Un giorno lessi una frase che recitava così:
“Tutto passa, ma le ferite restano”
Durante i miei studi ho cercato di capire quanto potesse essere condivisibile ed applicabile alla realtà. Sono giunta alla riflessione che le ferite restano solo se non ci prendiamo il tempo e lo spazio di elaborare quanto accaduto. Nei momenti che seguono un lutto una separazione o un fallimento, è frequente la tendenza a impegnarsi in attività frenetiche, o sostituire l’oggetto perduto. Oppure semplicemente a non voler pensare, a negare. Se da una parte queste reazioni sono funzionali e adattivi poiché permettono di “sopravvivere” ad un dolore, dall’altra, se prolungate nel tempo possono essere deleteree.
Quando ci procuriamo una ferita fisica, sappiamo che dobbiamo disinfettarla a curarla. Quando si tratta di ferite emotive però non conferiamo alla loro guarigione sufficiente importanza. La mia esperienza clinica mi induce a pensare che le ferite vengono spesso solo sepolte, camuffate, sotto una superficie costruita ad hoc per mantenerle in sordina.
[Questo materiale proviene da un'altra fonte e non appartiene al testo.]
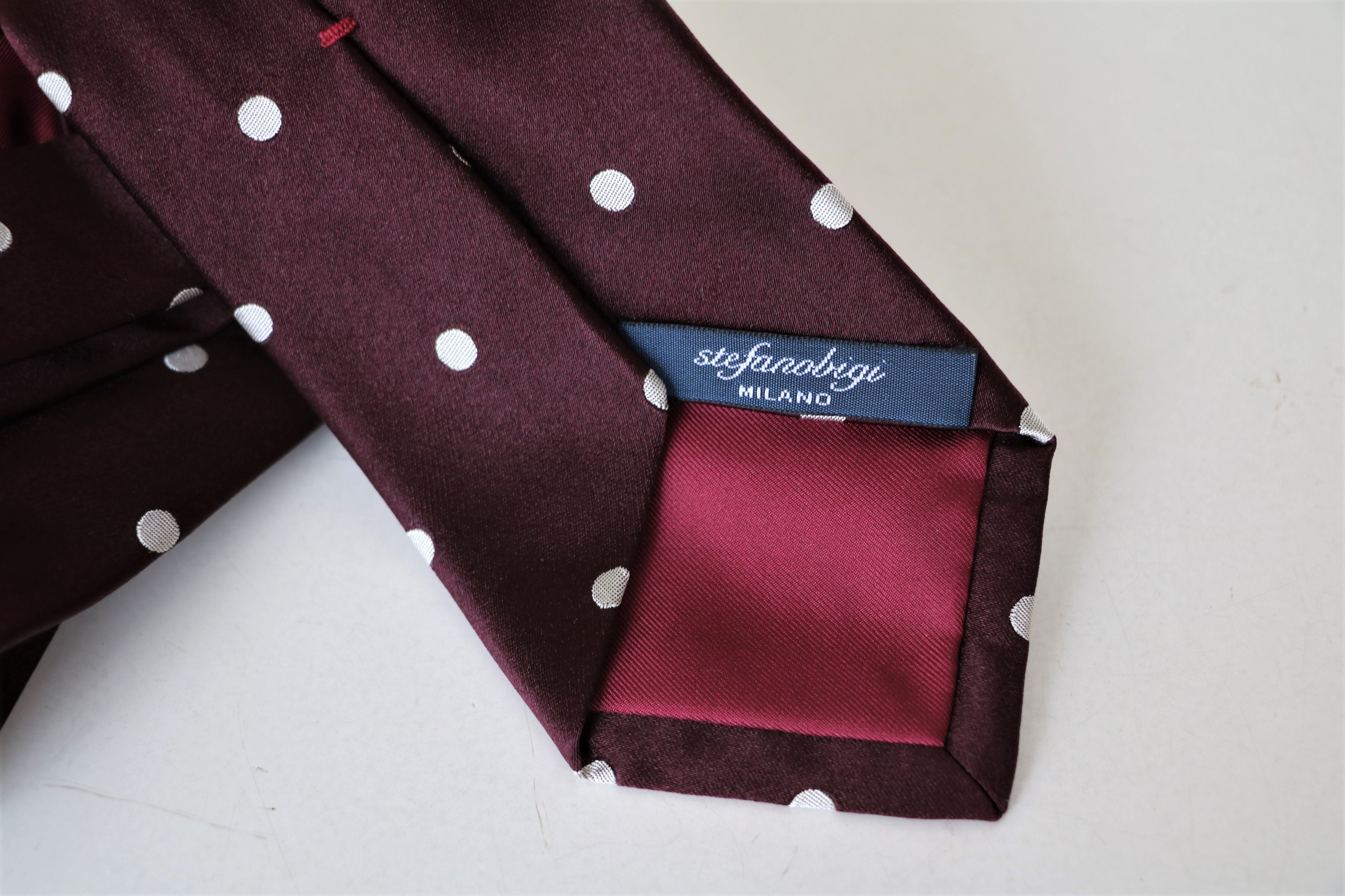 セレクトカラーはボルドーとネイビー。光沢のあるシルクサテンなら、さらにオケージョン用として使える華やさがあります。緩めに結んでも緩まない...打ち込みのしっかりした生地は、締め心地がいいのです。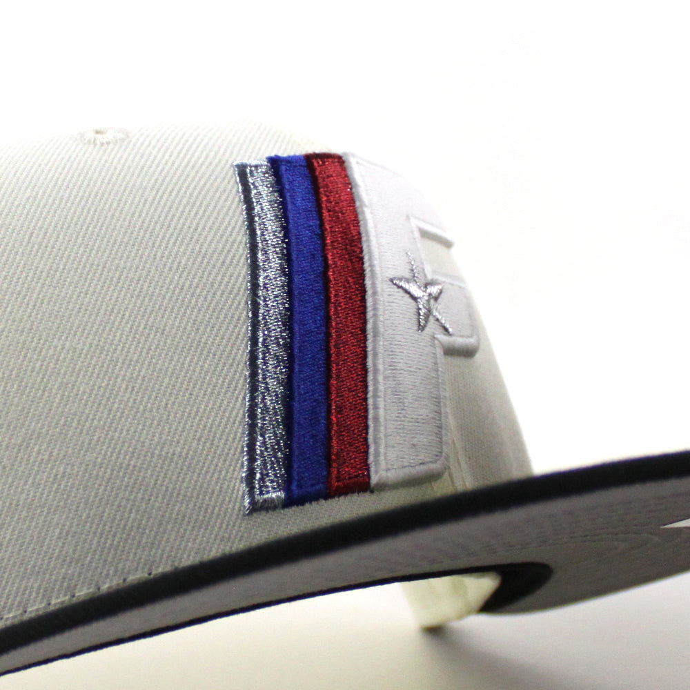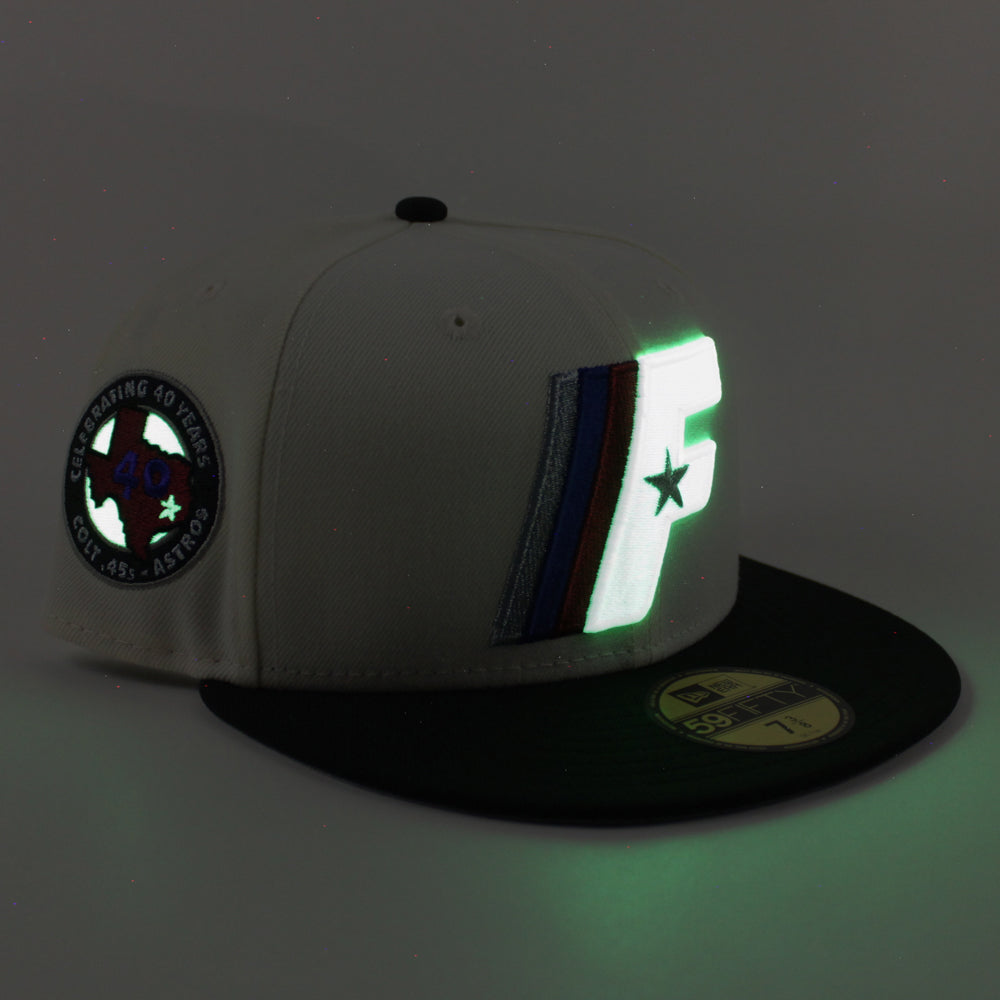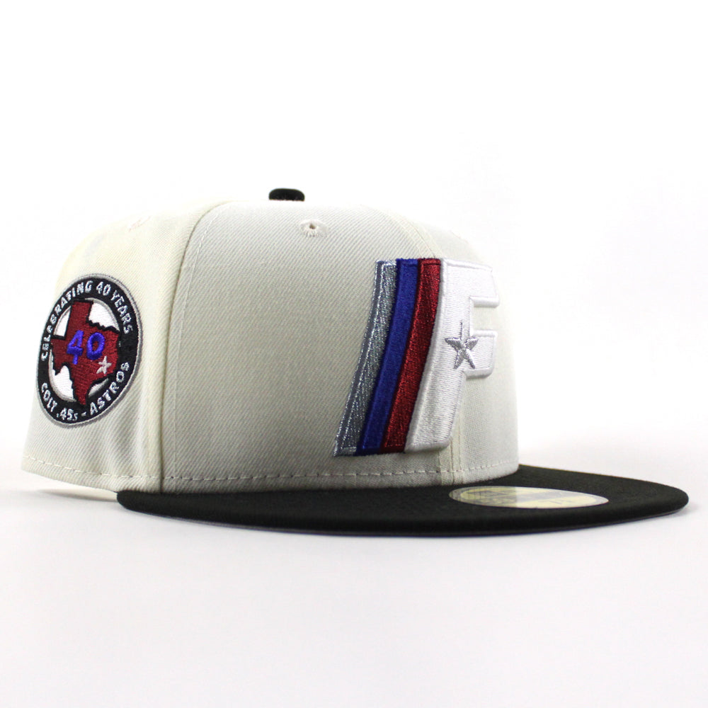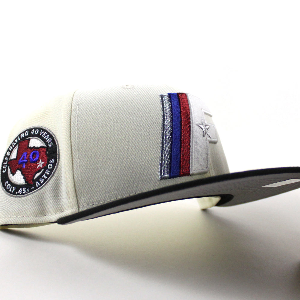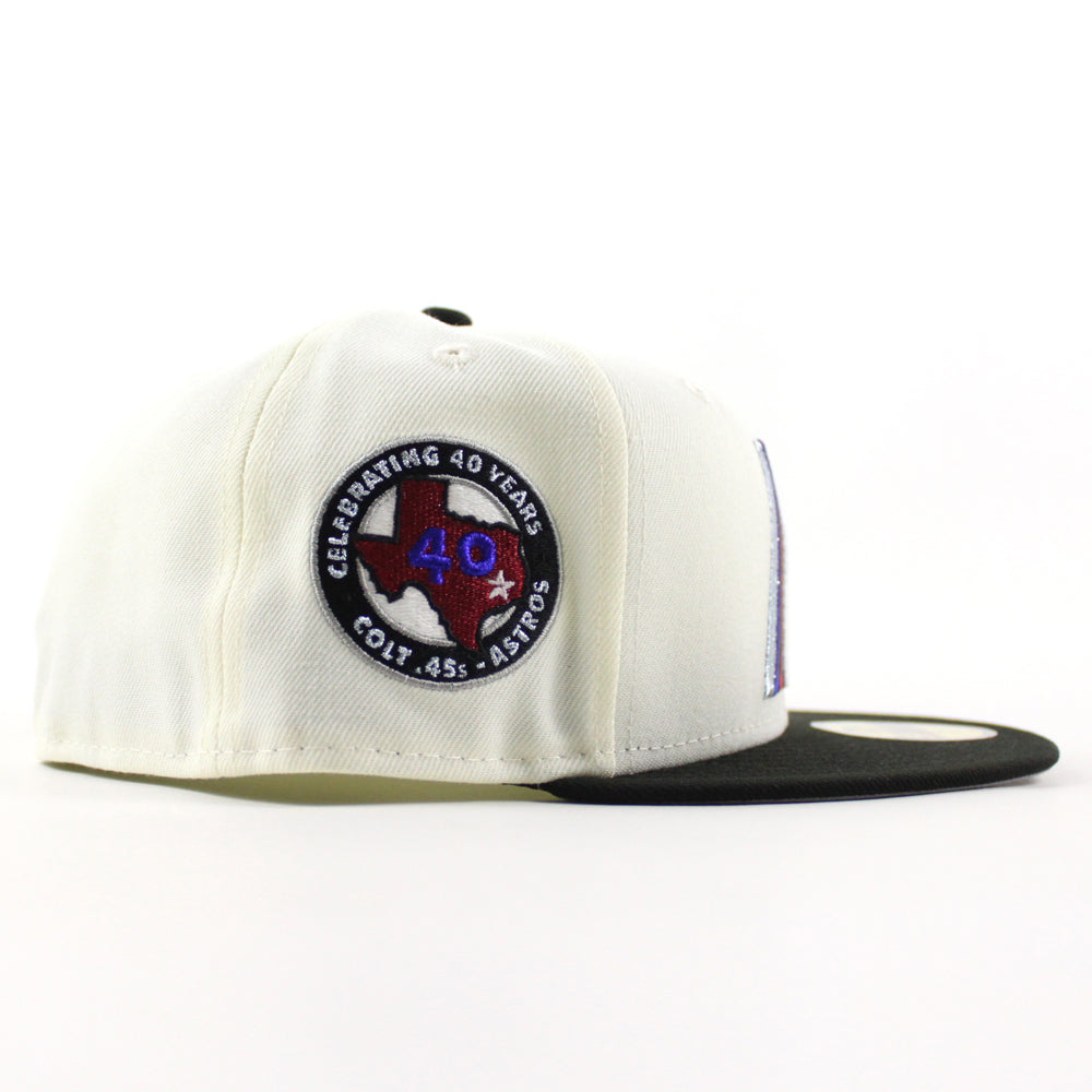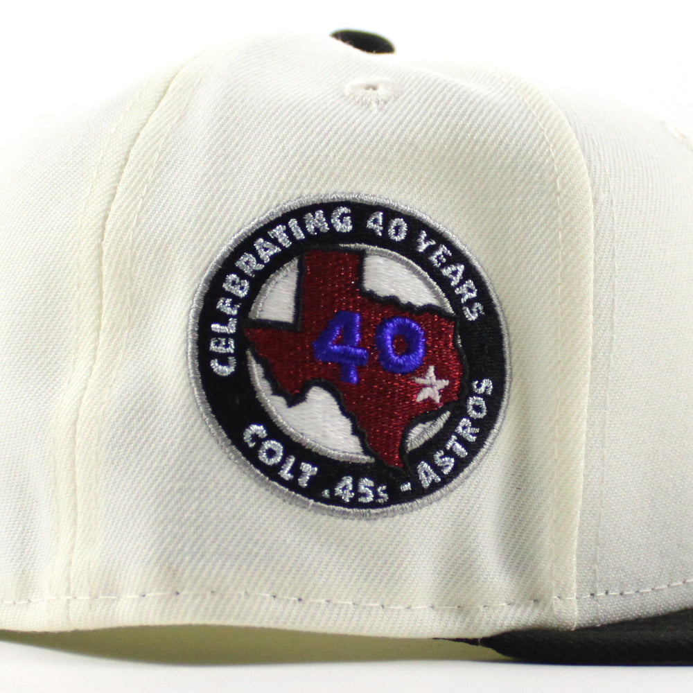 FAYETTEVILLE WOODPECKERS Colt 45s x ASTROS 40 Years Patch New Era 59Fifty Fitted Hat in Chrome White, Black and Gray Under Brim.

In uno studio condotto presso la Harvard University da un gruppo di neuroscienziati chiese alle persone che avevano sofferto un trauma di ascoltare una descrizione di ciò che gli era accaduto mentre i loro cervelli venivano analizzati: emerse che rivivendo le esperienze dolorose si attivavano specifiche aree del cervello, in particolare l’amigdala, che è il nucleo della paura, e la corteccia visiva. Allo stesso tempo, si produceva la disattivazione dell’area di Broca, l’area cerebrale preposta al linguaggio. Questo significa che quando le persone sperimentano un trauma, se non lo trasformano in una esperienza narrativa (riuscire ad accettare l’accaduto e trovargli una collocazione nella memoria autobiografica), questo tornerà ad essere vissuto come si trattasse di una situazione reale e, quindi, continuerà a causare dolore. Pertanto, anche se in alcuni casi può essere opportuno riprendere la routine quotidiana per assumere una certa distanza psicologica dal problema, in altri casi il modo migliore per affrontare la situazione dolorosa è fare una pausa e cercare nuovi orizzonti che permettano di riflettere ed elaborare ciò che è accaduto, trovargli un significato o accettarne l’incomprensibilità e andare avanti, seriamente.
Occorre quindi non reprimere le emozioni: ciò che reprimi rimane dentro di te, è un po’ come mettere il coperchio ad una pentola a pressione. Quando dobbiamo toglierlo, se lo facciamo senza lasciare uscire il fumo gradatamente, esploderà. Divenire consapevoli della realtà, concedersi la libertà di esprimere ciò che si sente hanno un potente effetto catartico e liberatorio. Inoltre, reprimere le emozioni non le fa sparire, ma spesso le sposta a livello somatico, o le proietta nella prima situazione che richiama quella traumatica riaprendo quindi la ferita non cicatrizzata. Fermiamoci e prendiamoci del tempo per capire e renderci conto di cosa è accaduto: come una ferita fisica, disinfettarla subito può far male, ma eviterà il suo peggioramento, in alcuni casi irreversibile.
Libertà è ciò che facciamo con quello che ci è stato fatto.